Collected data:

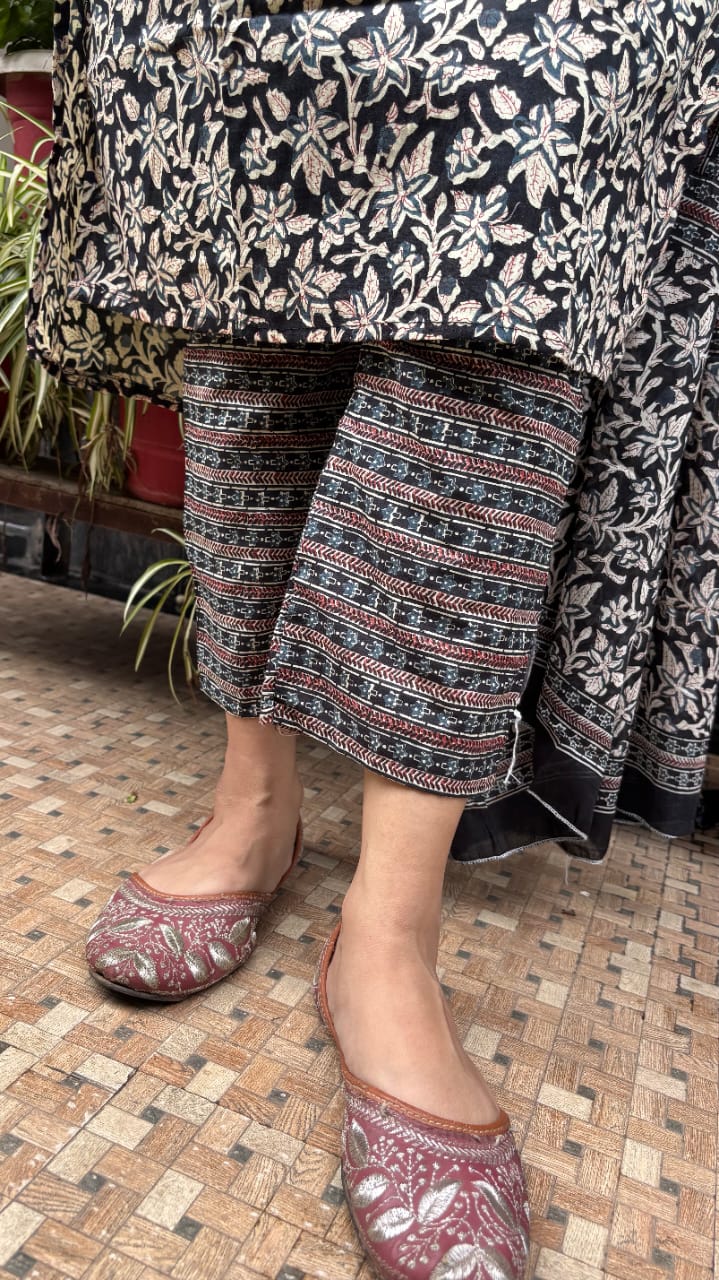 The Black Floral Print Jaipuri Cotton Dupatta Set exudes a refreshing charm with its soothing lavender base and intricate floral handblock-style prints in soft pink, green, and white. The kurta features a classic V-neckline and 3/4th sleeves, paired with matching straight-fit pants for a coordinated look. The contrast dupatta in a deeper magenta tone with delicate motifs adds a striking yet balanced pop of color. Crafted from breathable pure cotton, this set offers all-day comfort, making it perfect for office wear, casual outings, or festive gatherings.
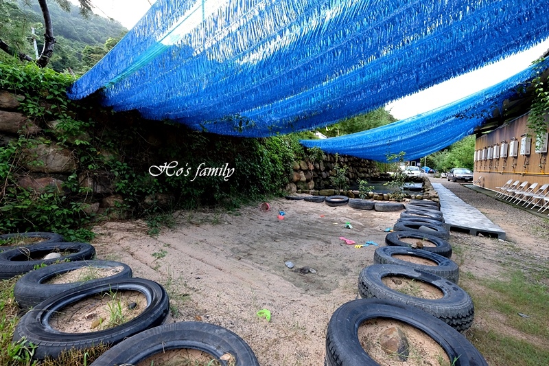 外面也有戲水池及沙坑,來水岸松林農場露營區露營孩子都玩瘋了!
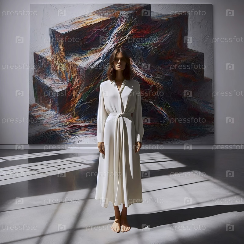 Модель в шелковой крепежной рубашке-одежде перед абстрактной скульптурой, Ай создала изображение
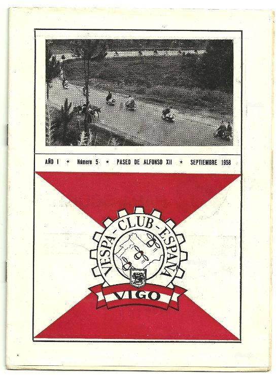 Ejemplar número V de la revista del Vespa Club Vigo, publicada en Septiembre de 1958. De los ejemplares aquí recopilados, es el primero que incorpora una portada propiamente dicha. Con una fotografía y el logo del Vespa Club insertado en una bandera viguesa. Cabe destacar en este número una crítica editorial escrita por el "Capitán Vespo", el programa de actos y salidas previsto para el mes, comentarios sobre otras salidas realizadas, un breve artículo con motivo del primer aniversario del Club, otro sobre el "Rally día de América en Asturias", varias notas de sociedad, una viñeta de humor y varios anuncios publicitarios. Si quieres recibir el ejemplar escaneado, solo tienes que pedírnoslo por e-mail: info@miabuelteniaunaigual.es
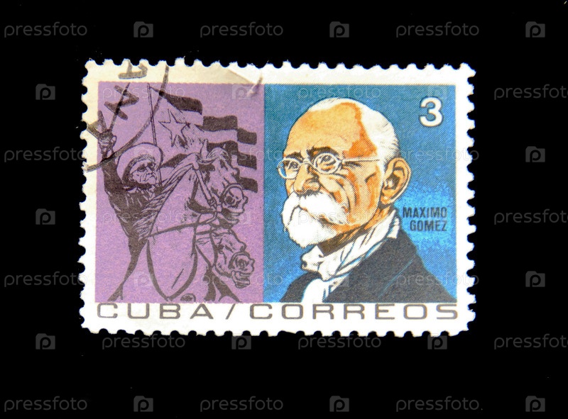 UBA - CIRCA 1968: почтовая марка, напечатанная на Кубе, изображает Максимо Гомеса, генерала и военачальника, 'Вторжение'; Борцы за независимость и сцены; Скотт 1357 A367 3c, 1968 г
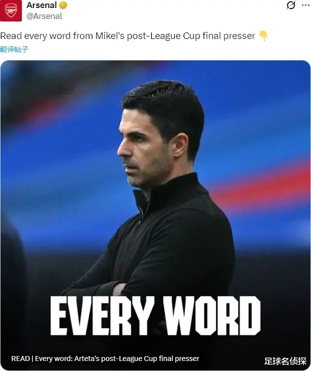 阿尔特塔出席了赛后新闻发布会,我们来看关键内容。
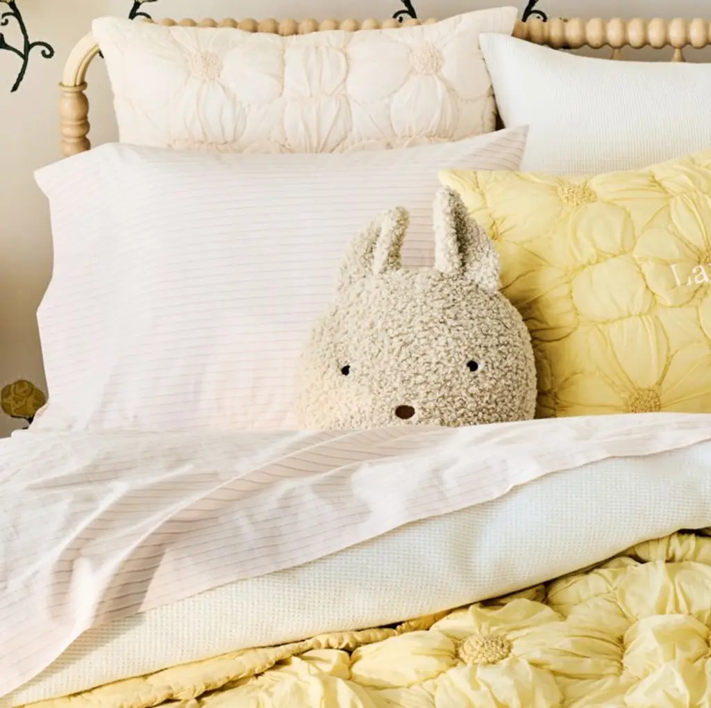 All the feels: Made of supersoft sherpa, our Bunny Face Throw Pillow is the cuddliest-ever sidekick. The pillow features cute perky ears and embroidered details, plus fleecy fur in a gorgeous neutral oatmeal hue.
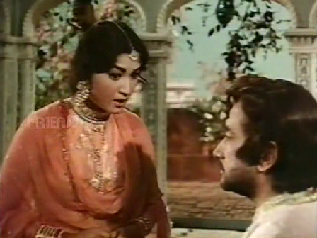 …and do so using pigeons to carry their verses between Gujarat and Agra. Time passes, and Jahanara (now Mala Sinha) has grown up. She is still enamoured of Mirza Changezi’s (now Bharat Bhushan) poetry. So much, in fact, that when he finally comes back to Agra and presents himself at court, it doesn’t take the two of them long to realise that their childhood friendship has blossomed into love.
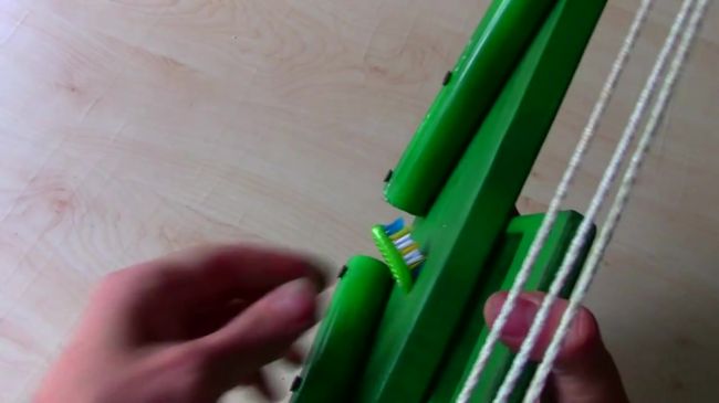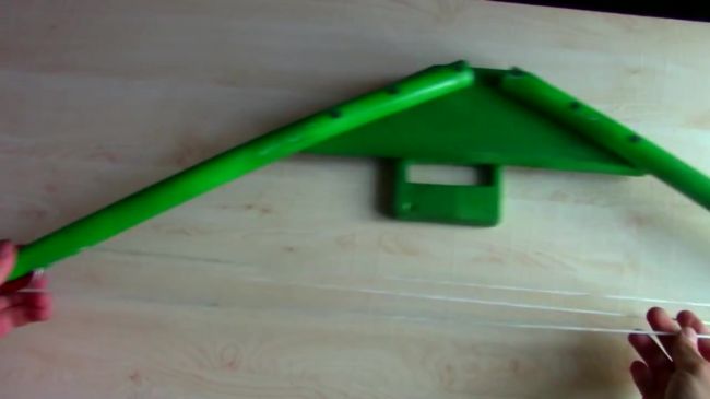 Перейдем к закреплению тетивы. Один конец крепим к верхнему краю плеча, продеваем веревку через два ролика, после чего другой конец фиксируем на другом плече.
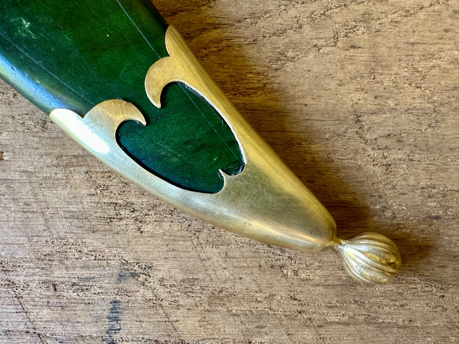 Popular in most of Western Europe, this falchion style of short single edged sword was typical of the 14thC and features a straight back with a long sweeping cutting edge and a long clip point allowing for both powerful cuts and wicked thrusts. The blade may be broad, but the use of fullers a radically thinning blade profile and both the clip point and sharpened false edges make this far manoeuvrable than it would at first seem from pictures alone. Well suited to professional fighting men.

Prompt: Please output every record above exactly as written, leaving out the pictures.

Answer:
 The Black Floral Print Jaipuri Cotton Dupatta Set exudes a refreshing charm with its soothing lavender base and intricate floral handblock-style prints in soft pink, green, and white. The kurta features a classic V-neckline and 3/4th sleeves, paired with matching straight-fit pants for a coordinated look. The contrast dupatta in a deeper magenta tone with delicate motifs adds a striking yet balanced pop of color. Crafted from breathable pure cotton, this set offers all-day comfort, making it perfect for office wear, casual outings, or festive gatherings.
 外面也有戲水池及沙坑,來水岸松林農場露營區露營孩子都玩瘋了!
 Модель в шелковой крепежной рубашке-одежде перед абстрактной скульптурой, Ай создала изображение
 Ejemplar número V de la revista del Vespa Club Vigo, publicada en Septiembre de 1958. De los ejemplares aquí recopilados, es el primero que incorpora una portada propiamente dicha. Con una fotografía y el logo del Vespa Club insertado en una bandera viguesa. Cabe destacar en este número una crítica editorial escrita por el "Capitán Vespo", el programa de actos y salidas previsto para el mes, comentarios sobre otras salidas realizadas, un breve artículo con motivo del primer aniversario del Club, otro sobre el "Rally día de América en Asturias", varias notas de sociedad, una viñeta de humor y varios anuncios publicitarios. Si quieres recibir el ejemplar escaneado, solo tienes que pedírnoslo por e-mail: info@miabuelteniaunaigual.es
 UBA - CIRCA 1968: почтовая марка, напечатанная на Кубе, изображает Максимо Гомеса, генерала и военачальника, 'Вторжение'; Борцы за независимость и сцены; Скотт 1357 A367 3c, 1968 г
 阿尔特塔出席了赛后新闻发布会,我们来看关键内容。
 All the feels: Made of supersoft sherpa, our Bunny Face Throw Pillow is the cuddliest-ever sidekick. The pillow features cute perky ears and embroidered details, plus fleecy fur in a gorgeous neutral oatmeal hue.
 …and do so using pigeons to carry their verses between Gujarat and Agra. Time passes, and Jahanara (now Mala Sinha) has grown up. She is still enamoured of Mirza Changezi’s (now Bharat Bhushan) poetry. So much, in fact, that when he finally comes back to Agra and presents himself at court, it doesn’t take the two of them long to realise that their childhood friendship has blossomed into love.
 Перейдем к закреплению тетивы. Один конец крепим к верхнему краю плеча, продеваем веревку через два ролика, после чего другой конец фиксируем на другом плече.
 Popular in most of Western Europe, this falchion style of short single edged sword was typical of the 14thC and features a straight back with a long sweeping cutting edge and a long clip point allowing for both powerful cuts and wicked thrusts. The blade may be broad, but the use of fullers a radically thinning blade profile and both the clip point and sharpened false edges make this far manoeuvrable than it would at first seem from pictures alone. Well suited to professional fighting men.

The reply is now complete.